The bounding box quality checking web service for Madhacks 2018
This is the code repository for Madhacks 2018. Madhacks is the University of Wisconsin's twice-annual hackathon, bringing together participants from all over the US and Canada for 24 hours of hacking.
BBQ standing bounding box qualifier which is a web service that examines the matching between ground truth bounding boxes and the predicted bounding boxes and produces a prediction quality report and debugging tools for object detection algorithm.
A lot of work of object detection methods are focusing on how to generate bounding box annotations like Crowdsourcing Annotations for Visual Object Detection,Quanti.us: a tool for rapid, flexible, crowd-based annotation of images and exploer why the object detection algorithm fails like HOGgles: Visualizing Object Detection Features. However, few have talked about how to debug or check where the object detection model fails. This hackathon project is a tool that can help people actually see where the object detection algorithm fails.
Basic
To run BBQ you need to type this two commands in your terminal,
export FLASK_APP=BBQDemo.py
Then you will this hints below
* Serving Flask app "BBQDemo"
* Running on http://127.0.0.1:5000/
you can try
flask run
In the object detection task using bounding boxes, people want to know both the location and category of object. So typically two types of error involved here. However, although there are many annotation tools, there are few tools that can help people track where their object detection algorithm fails. Is it because of the poor performance of location regressor or it is due to the failure of the classifier.

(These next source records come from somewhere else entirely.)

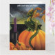 Um pequeno dragão verde giro sentado numa grande abóbora laranja numa noite negra de outono. Caldeirão, teia de aranha e vela ao redor do dragão.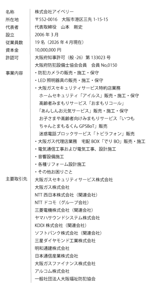 防犯のプロとして公共施設・個人・店舗・集合住宅・自治会など地域の皆さまへ、安全・安心のご提案をさせていただいています。
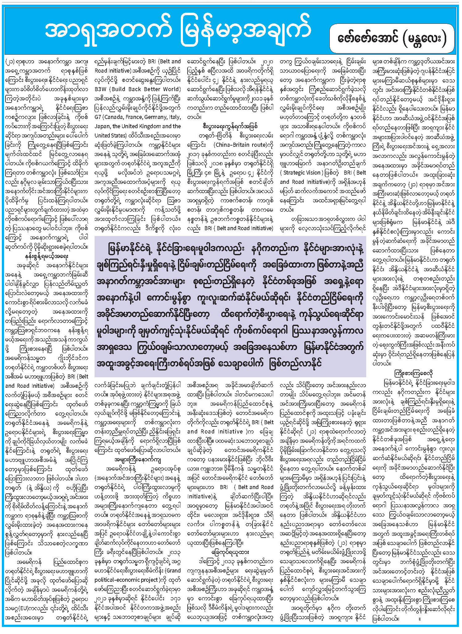အာရှအတက် မြန်မာ့အချက်
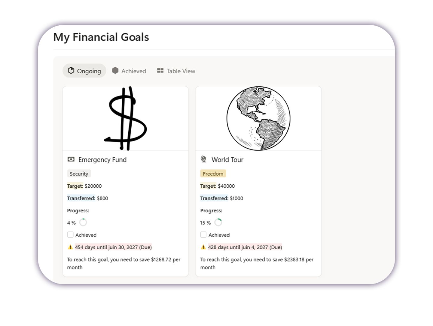 Set clear financial goals and track your progress over time. Whether you’re building an emergency fund or saving for a big milestone, stay focused with countdowns, deadlines, and automatic progress updates.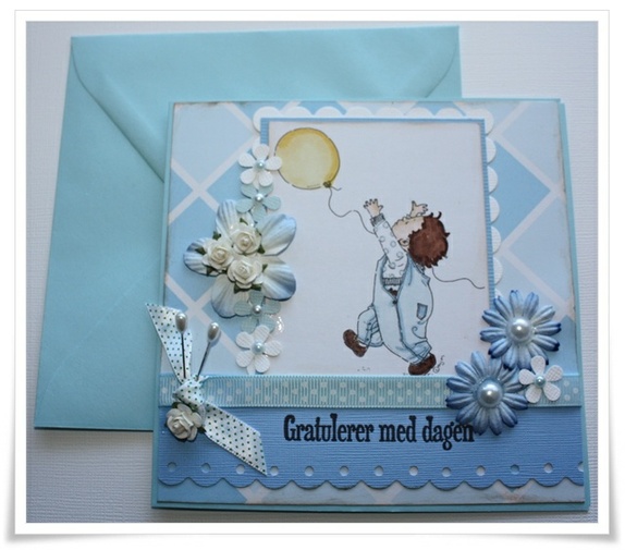 Kortet str er ca 13x13. Kommer i farget konvolutt som på bilde. Trykket er fra Mo Manning og farget med hånd av meg

Things become worse when you have to prepare labels for domain science dataset instead of using high-quality dataset like MS COCO or ImageNet. For example, we are working on an AI project that uses object detection program for STEM() images of metallic material. We want to study the number of different kinds of defects which are important for the performance of the material. However, Faster R-CNN algorithm achieves poor performance and it is very hard to understand why and identify the bugs never to say improve the performance. A typical pair of ground truth image and the predicted image is shown below.
So we plan to create a web service that can developer debug their object detection models especially when the ground truth labeling contains error.
the user inputs the image for detection and the ground truth bounding box txt file and the prediction bounding box txt file. The bounding box should follow the following format
[label, x1, y1, x2, y2]
Where label is the label of object contained in the bounding box and (x1,y1)
is the top left conner of the bounding box and (x2,y2)
is the right bottom conner of the bounding box.
Check the following figure for more information
After all files are selected, you can click the Submit
to submit all 3 files
Then the website will show all the mismatched predicted bounding boxes and for different types of error, it will display them differently:
- location error
- classification error
In the above summary figure, the website only plots the wrong predictions and all color bounding box on the web page can be clicked which will bring you to a more detailed information web page.
Say if we want to check the location as pointed in the following figure, you can directly click it.
which will bring you to another web page as shown below,
location error means that the object detection model predicts the wrong location of an object. The model thinks there is an object but according to ground truth label, it is background. So we have to check why the model thinks a background area is an object. And because the ground truth data set may contain error, so it can also be that ground truth labeling misses a potential object.
With the given information, you can easily identify which type of reason of the error and modify correspondingly.
Classification error means the model detects the region of interest but the classifier fails to classify the region of interest into the correct category which means you may need a stronger classifier.
Say we want to check the classification error that is pointed by the red arrow in the following figure,
You can click either red for prediction bounding box or blue ground truth bounding box.
Then the website will bring you to the more detailed information page as shown below,
We use Python 3
with Flask
as our backend engine to build the website and Bootstrap
as our frontend framework for UI.
We don't have much experience in web development. First we find it difficult to use css to customize our web page. Then we run into some trouble when trying to make the image map interactive.
We build a tool that is very easy to use and can make the complicated debugging process much easier.
Mostly web development, including html, css, javascript, flask(python), etc. As we mentioned, both team members don't know how to do web develop before. This project gave us some experience in both front-end and back-end.
BBQ acts as a online tool for object detection debugging. For future work, we plan to add a model deployment module to BBQ, where users can upload their model to the web service and the other users can use them to detect image online.